FBGEMM_GPU (FBGEMM GPU kernel library) is a collection of high-performance CUDA GPU operator library for GPU training and inference.

The library provides efficient table batched embedding bag, data layout transformation, and quantization supports.

Currently tested with CUDA 11.3, 11.5, 11.6, and 11.7 in CI. In all cases, we test with PyTorch packages which are built with CUDA 11.7.

Only Intel/AMD CPUs with AVX2 extensions are currently supported.

General build and install instructions are as follows:

Build dependencies: scikit-build, cmake, ninja, jinja2, torch, cudatoolkit, and for testing: hypothesis.

conda install scikit-build jinja2 ninja cmake hypothesis

If you're planning to build from source and don't have nvml.h in your system, you can install it via the command below.

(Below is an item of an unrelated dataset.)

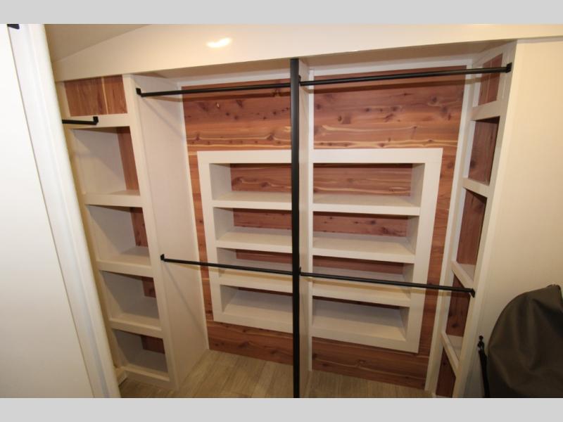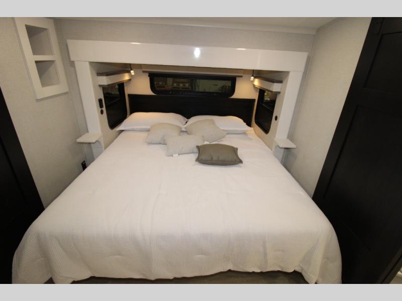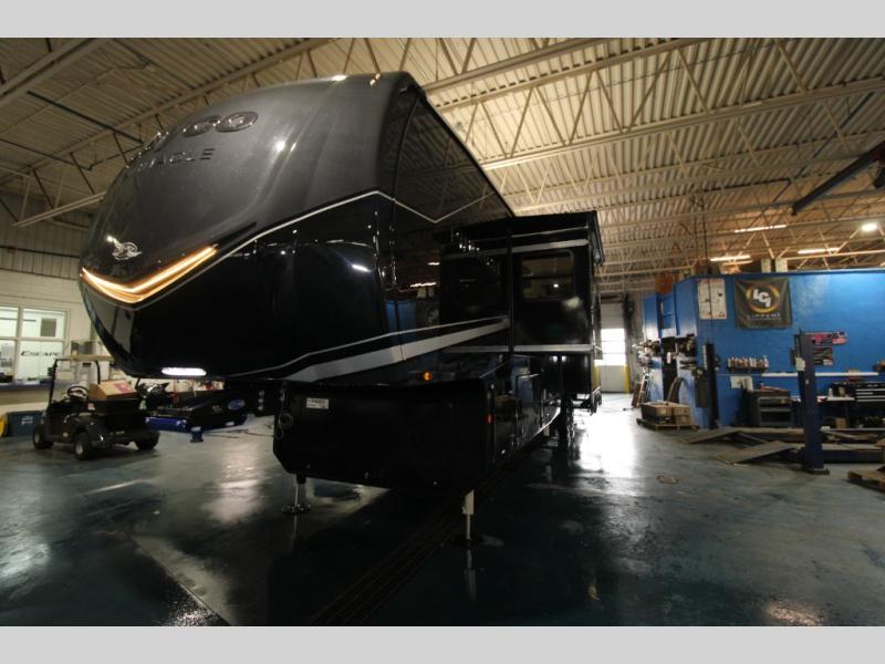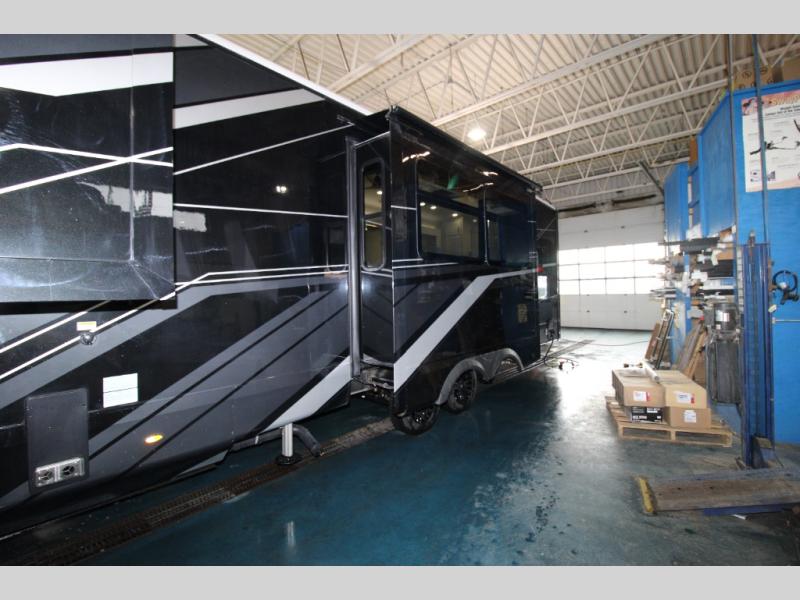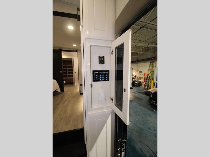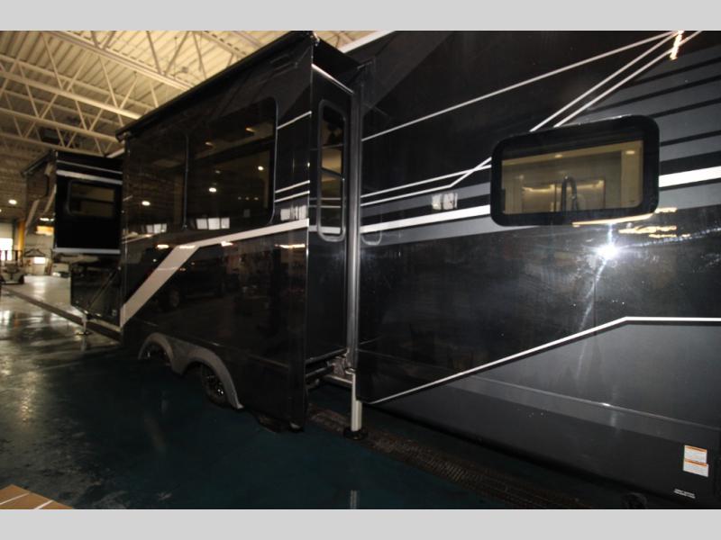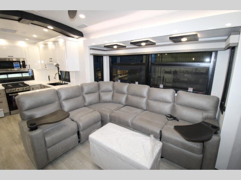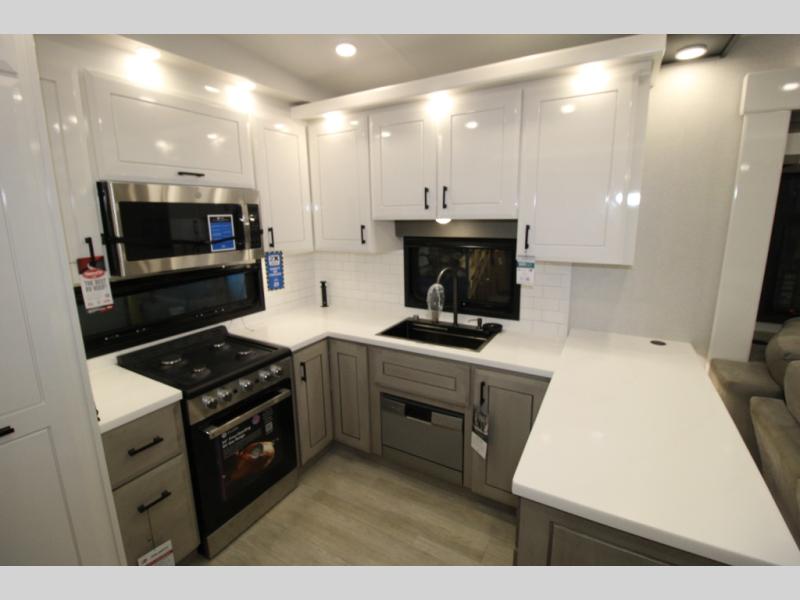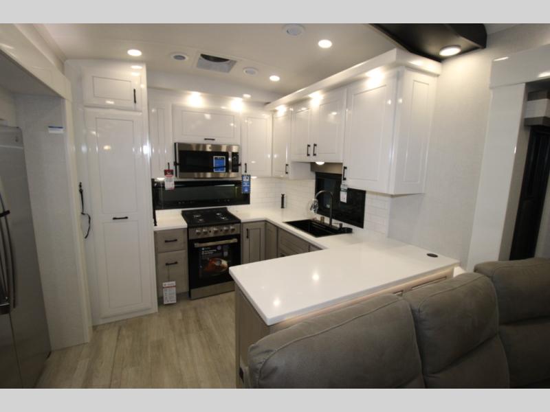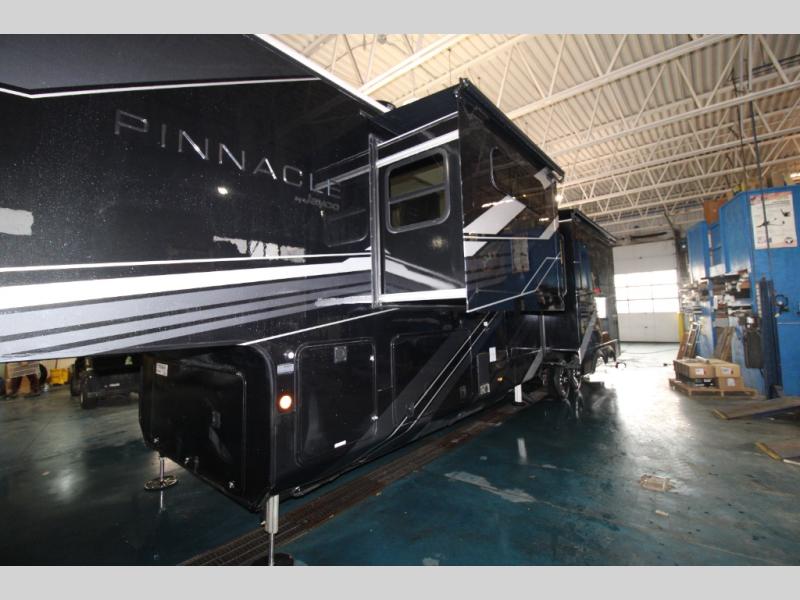Each Pinnacle fifth wheel features Stronghold VBL lamination for the lightest, yet strongest construction in the RV industry. Add that to the Magnum Truss XL6 roof system and Climate Shield zero-degree tested weather protection and you'll be enjoying your fifth wheel even in harsh weather. Some of the exterior conveniences you will appreciate are the Keyed-Alike lock system, the fully enclosed, universal docking center, and the 6-point hydraulic auto-leveling system for quick and easy set up. The 5 Star Handling Package will make towing a fifth wheel a walk in the park, and the two Whisper Quiet A/C units will keep you comfortable during the hot summer months. Inside, you'll enjoy the residential "Do it all" sink, the solid hardwood cabinet doors, stiles, and fascia, the vinyl flooring throughout, plus many more comforts. There is even a central vacuum system, a wireless remote-control system, 12V charging station, plus many more conveniences to make each trip enjoyable.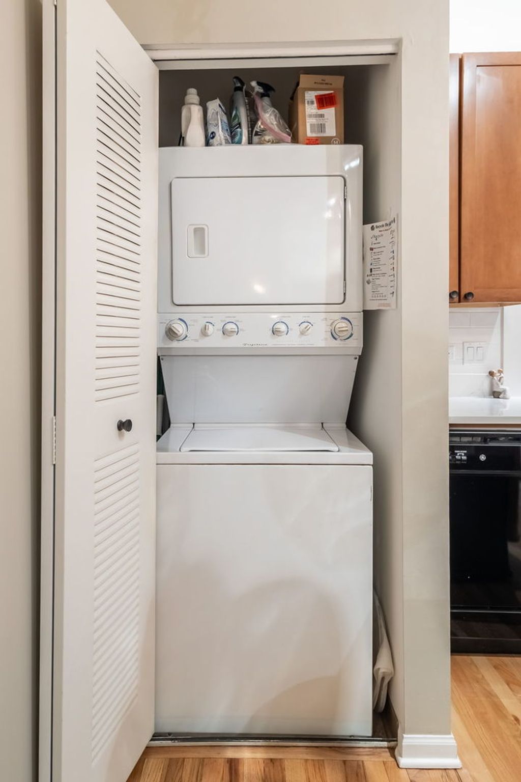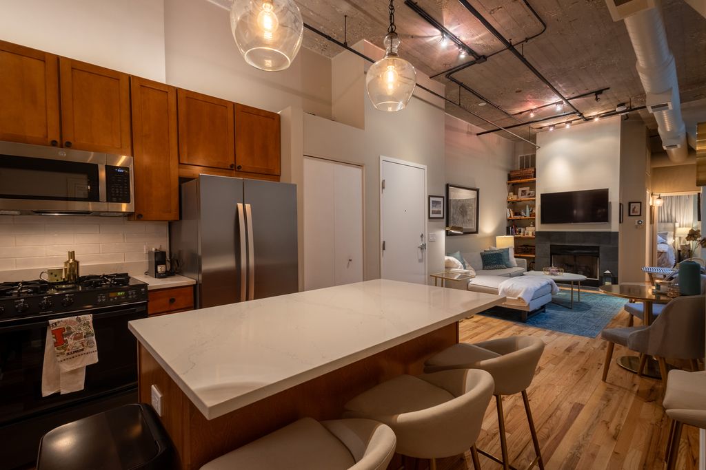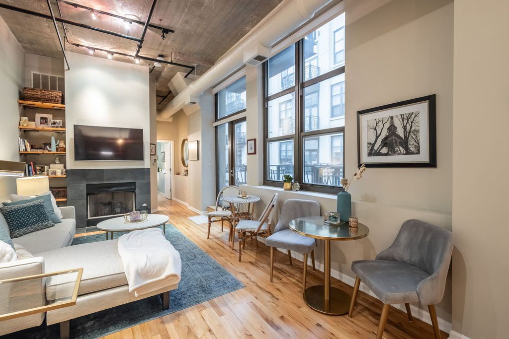 Come view this impeccably maintained one bedroom loft in the highly desirable One River Place! This concrete loft boasts 12 foot concrete ceilings, hardwood floors throughout, and an updated kitchen with newer quartz counters including an island with breakfast bar seating and plenty of prep space. The chef's kitchen also includes stainless steel appliances, custom cabinetry, backsplash, and designer influenced pennant lights. The living room is surrounded by oversized windows that lead out to a private balcony, and the gas fireplace makes for a beautiful focal point in the room. The well-sized bedroom provides ample custom closet and storage space. The bathroom includes a tub/shower combo with newer plumbing fixtures. And with the in-unit laundry closet, laundry day is a breeze! 1 deeded (and heated) garage parking spot available for $35K.This building is aptly named as it sits right on the Chicago River with access to the riverwalk, multiple parks, not to mention some of the finest restaurants, shopping, and entertainment Chicago has to offer! Building amenities include a beautiful and expansive roof/sundeck with incredible views, gas grills, 24 hour door staff, fitness center, bike room, extra storage cage, and dry cleaner on site. Come see this home today!

conda install -c conda-forge cudatoolkit-dev

Certain operations require this library to be present. Be sure to provide the path to libnvidia-ml.so to --nvml_lib_path if installing from source (e.g. python setup.py install --nvml_lib_path path_to_libnvidia-ml.so).

PIP install

Currently only built with sm70/80 (V100/A100 GPU) wheel supports:

# Release GPU
conda install pytorch cuda -c pytorch -c "nvidia/label/cuda-11.7.1"
pip install fbgemm-gpu

# Release CPU-only
conda install pytorch cuda -c pytorch -c "nvidia/label/cuda-11.7.1"
pip install fbgemm-gpu-cpu

# Nightly GPU
conda install pytorch cuda -c pytorch-nightly -c "nvidia/label/cuda-11.7.1"
pip install fbgemm-gpu-nightly

# Nightly CPU-only
pip install --pre torch -f https://download.pytorch.org/whl/nightly/cpu/torch_nightly.html
pip install fbgemm-gpu-nightly-cpu

Build from source

Additional dependencies: currently cuDNN is required to be installed. Please download and follow instructions here to install cuDNN.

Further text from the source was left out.